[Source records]
Start of Block

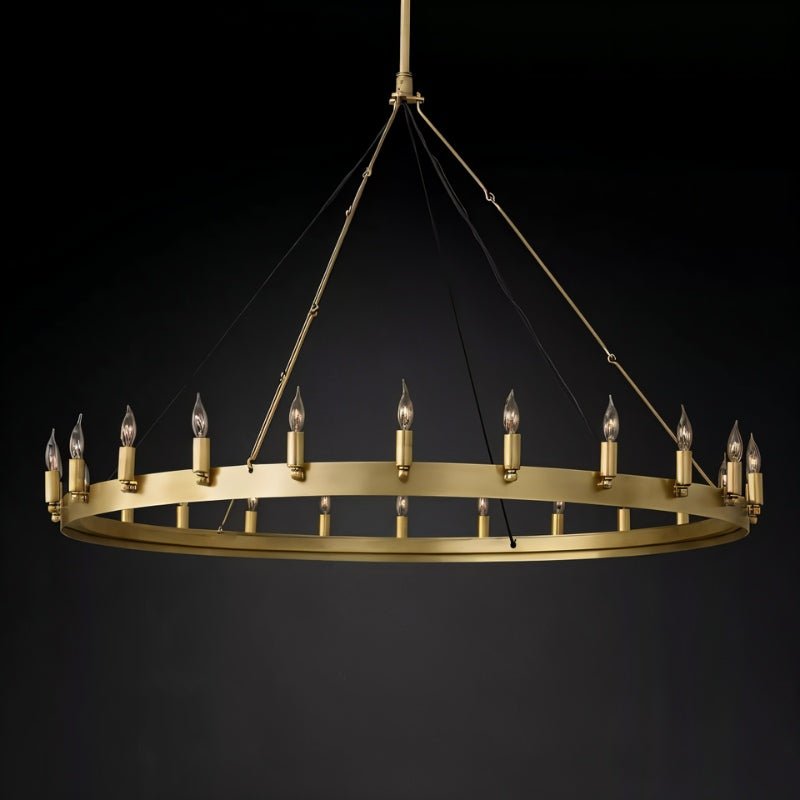 The Phlox Chandelier enhances room ambiance by incorporating a blend of rustic charm and industrial aesthetics, ideal for creating a warm, inviting atmosphere. Its design features early 20th-century industrial elements and uses filament bulbs that emit a nostalgic glow, reminiscent of a bygone era. The chandelier's robust construction from angle iron, available in finishes like Vintage Brass and Matte Black, adds both durability and elegance. With its simple yet striking design, the Phlox Chandelier serves as a statement piece, drawing attention and becoming the focal point in any room. This combination of vintage style, functional lighting, and statement-making capability makes it a perfect choice for enhancing the ambiance of both residential and commercial spaces.
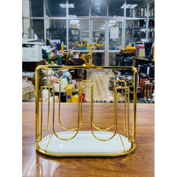 ✨Giá úp cốc kèm khay hứng nước hình đầu hươu vàng cao cấp
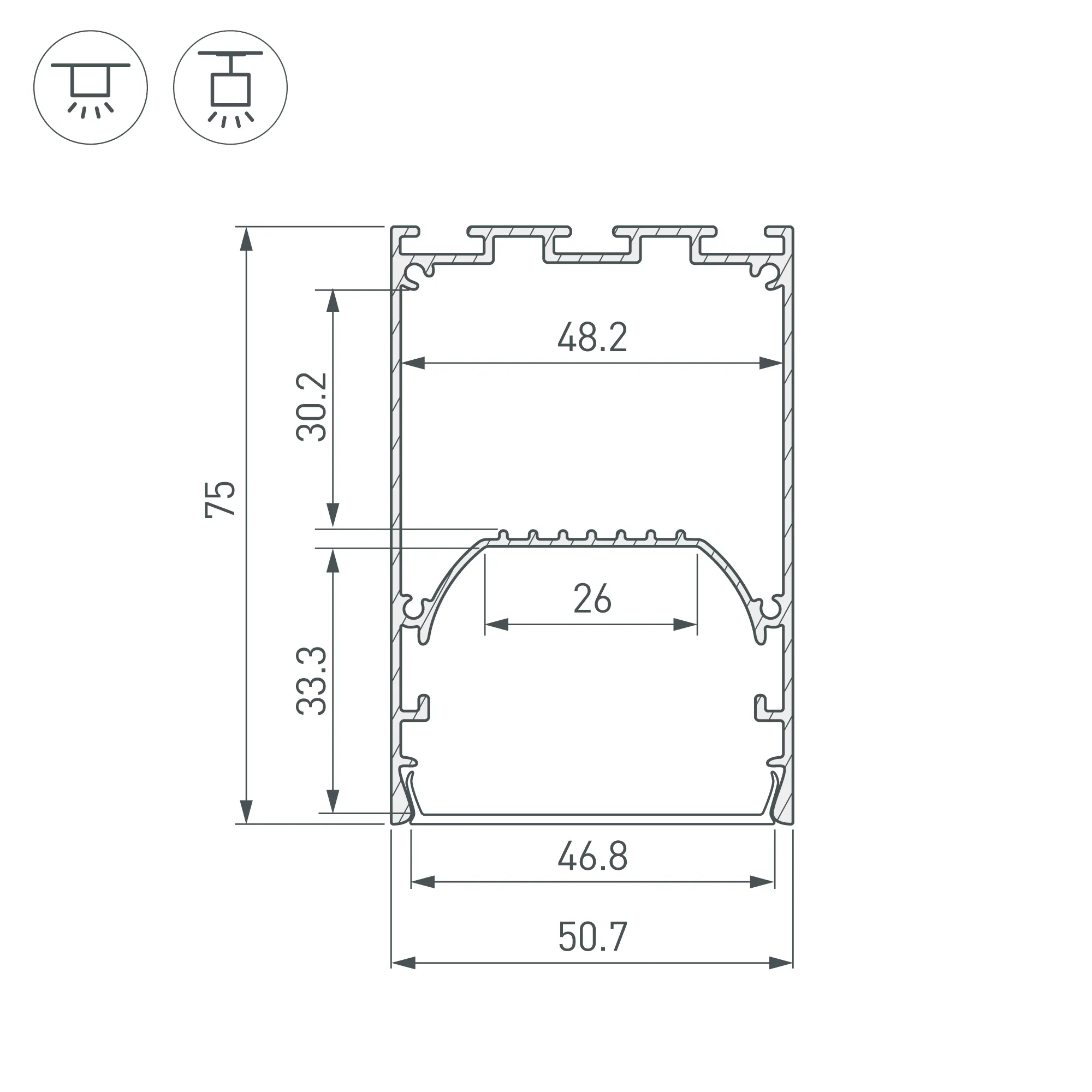 Алюминиевый анодированный профиль для светодиодных лент и линеек. Габаритные размеры (L×W×H): 2500x50,7x75 мм. Ширина площадки для ленты 26 мм. Отсек для БП 48,2х30,2 мм. Экраны, заглушки и другие аксессуары приобретаются отдельно. Цена за 1 метр.
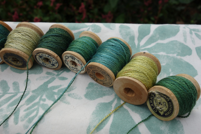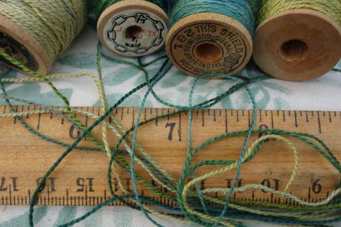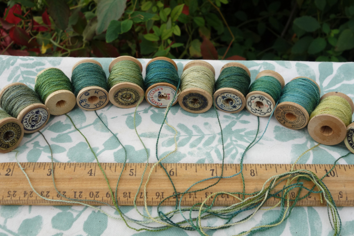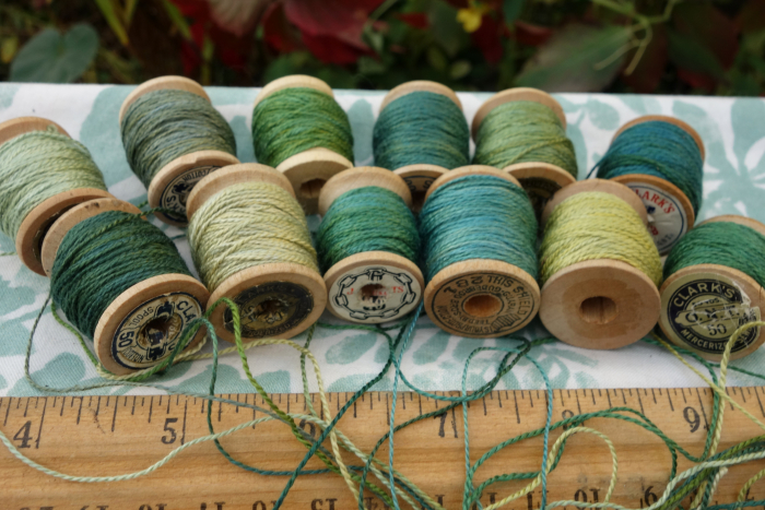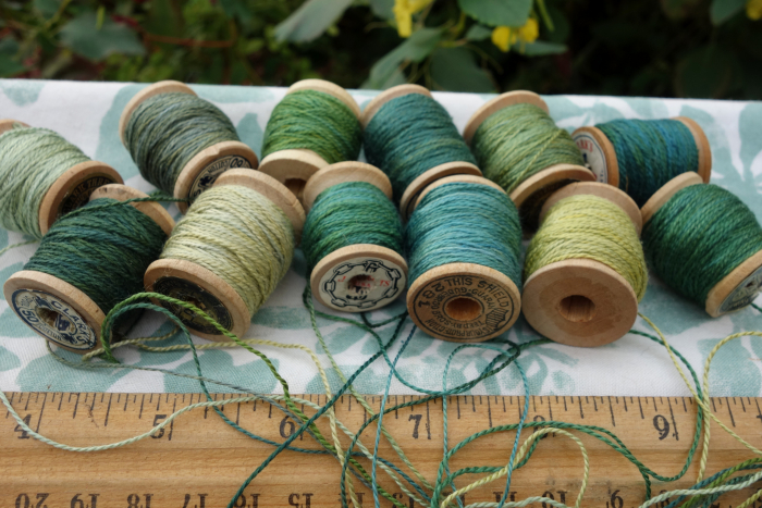 The threads were hand dyed and wound by me onto each vintage wooden spool.
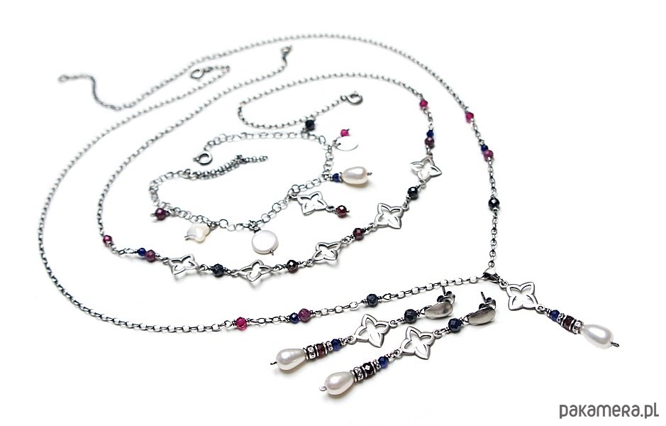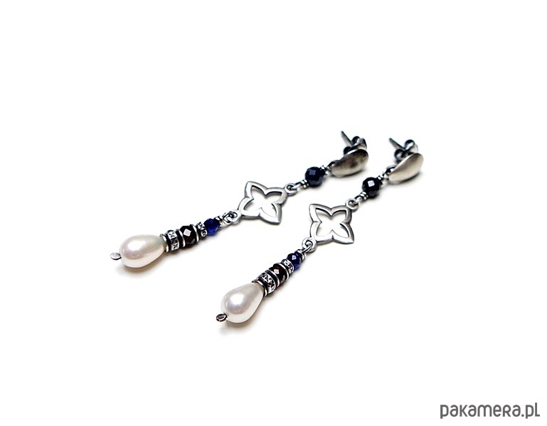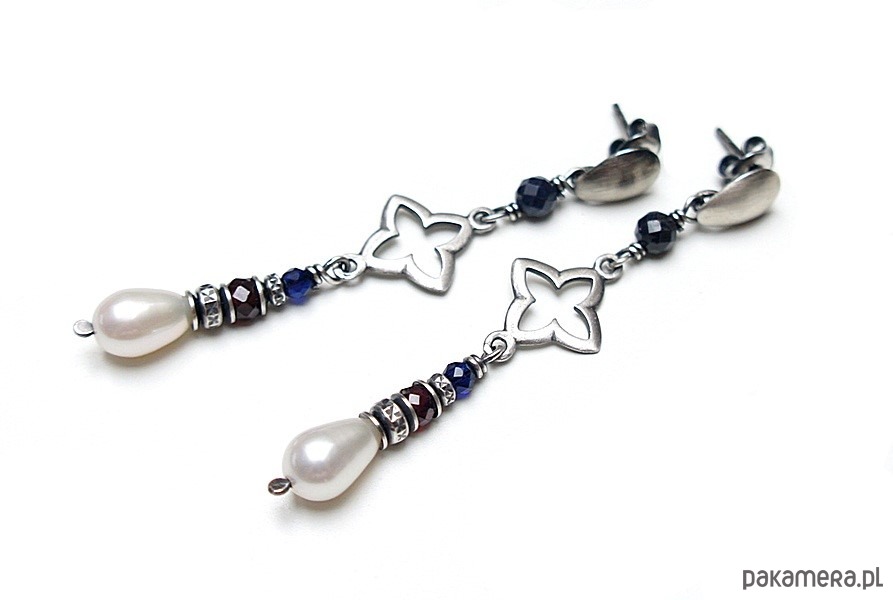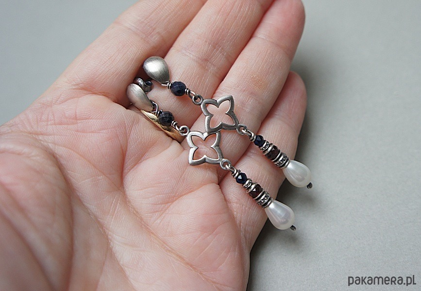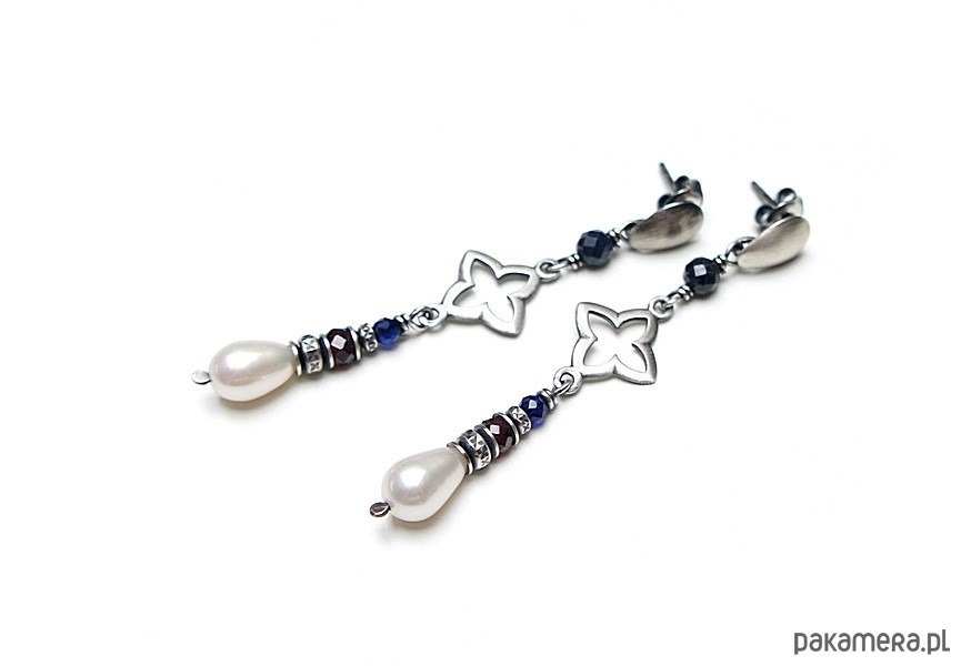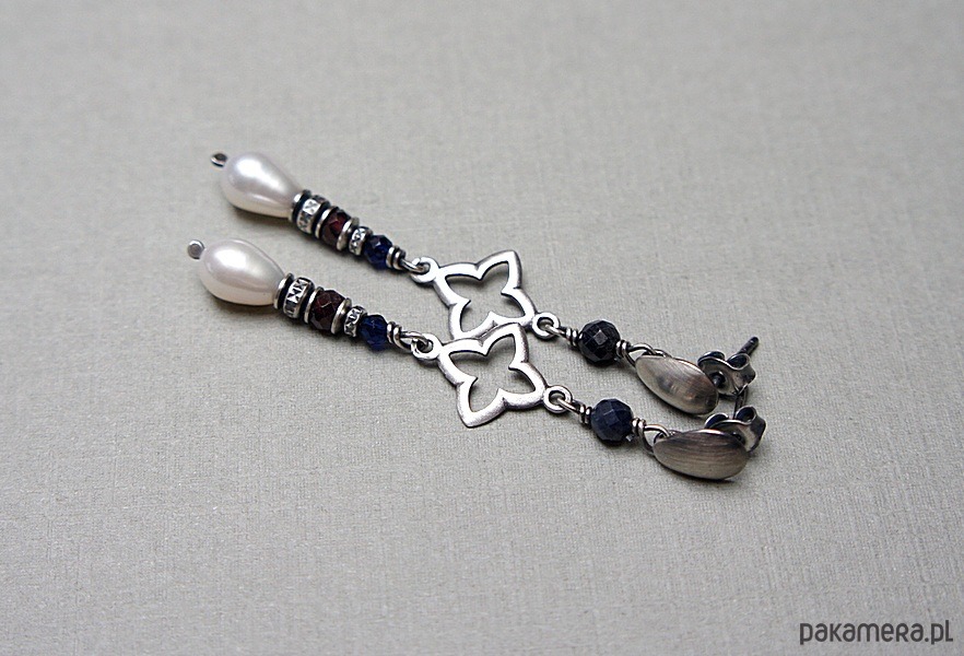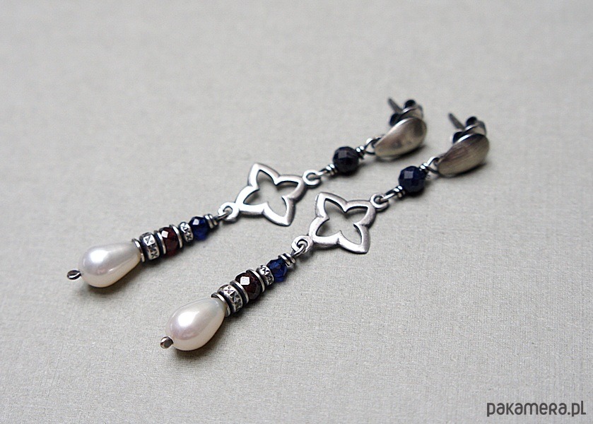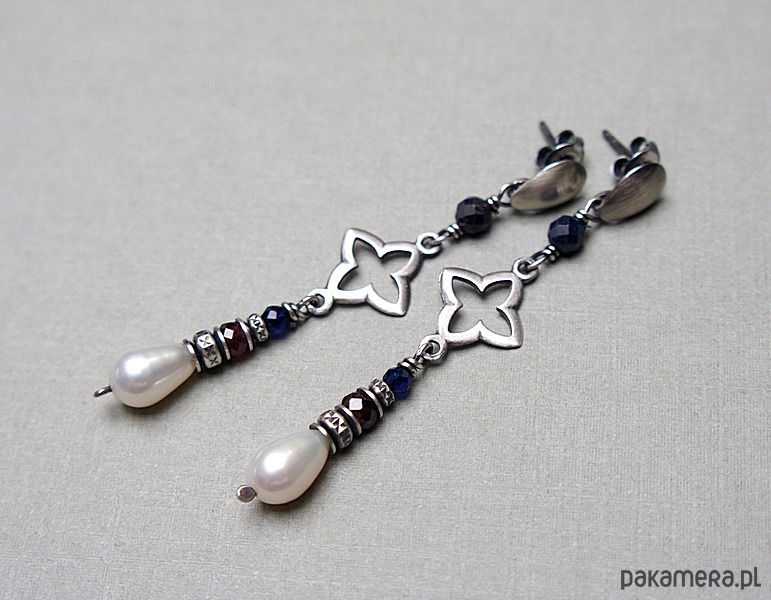Kolczyki wykonane ze srebra [pr. 925] w połączeniu z kroplami naturalnych pereł [10mm], fasetowanymi kuleczkami naturalnych szafirów i granatów [4mm], kuleczkami szafirków [3mm - klarowane]. Srebro oksydowane i przetarte. Całkowita długość kolczyków: 6,3cm.
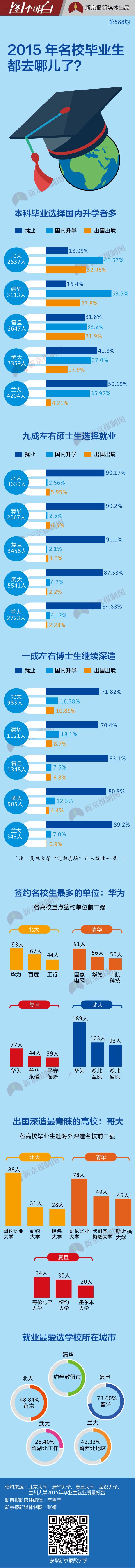 北大、清華等名校生畢業(yè)后海外深造青睞哪些高校?國(guó)內(nèi)簽約名校生最多的公司是哪家?博士生畢業(yè)后都去干嗎了?——近日,教育部直屬的75所高校陸續(xù)在官方網(wǎng)站發(fā)布2015年畢業(yè)生就業(yè)質(zhì)量報(bào)告。小編分別從全國(guó)東部、中部、西部地區(qū)選擇5家名校,看看2015年的畢業(yè)生去向。

End of Block

» **The task**: Write out, word for word, the lines from the start of the data through the one holding "vàng cao cấp". Omit pictures.

» **Solution below**:
 The Phlox Chandelier enhances room ambiance by incorporating a blend of rustic charm and industrial aesthetics, ideal for creating a warm, inviting atmosphere. Its design features early 20th-century industrial elements and uses filament bulbs that emit a nostalgic glow, reminiscent of a bygone era. The chandelier's robust construction from angle iron, available in finishes like Vintage Brass and Matte Black, adds both durability and elegance. With its simple yet striking design, the Phlox Chandelier serves as a statement piece, drawing attention and becoming the focal point in any room. This combination of vintage style, functional lighting, and statement-making capability makes it a perfect choice for enhancing the ambiance of both residential and commercial spaces.
 ✨Giá úp cốc kèm khay hứng nước hình đầu hươu vàng cao cấp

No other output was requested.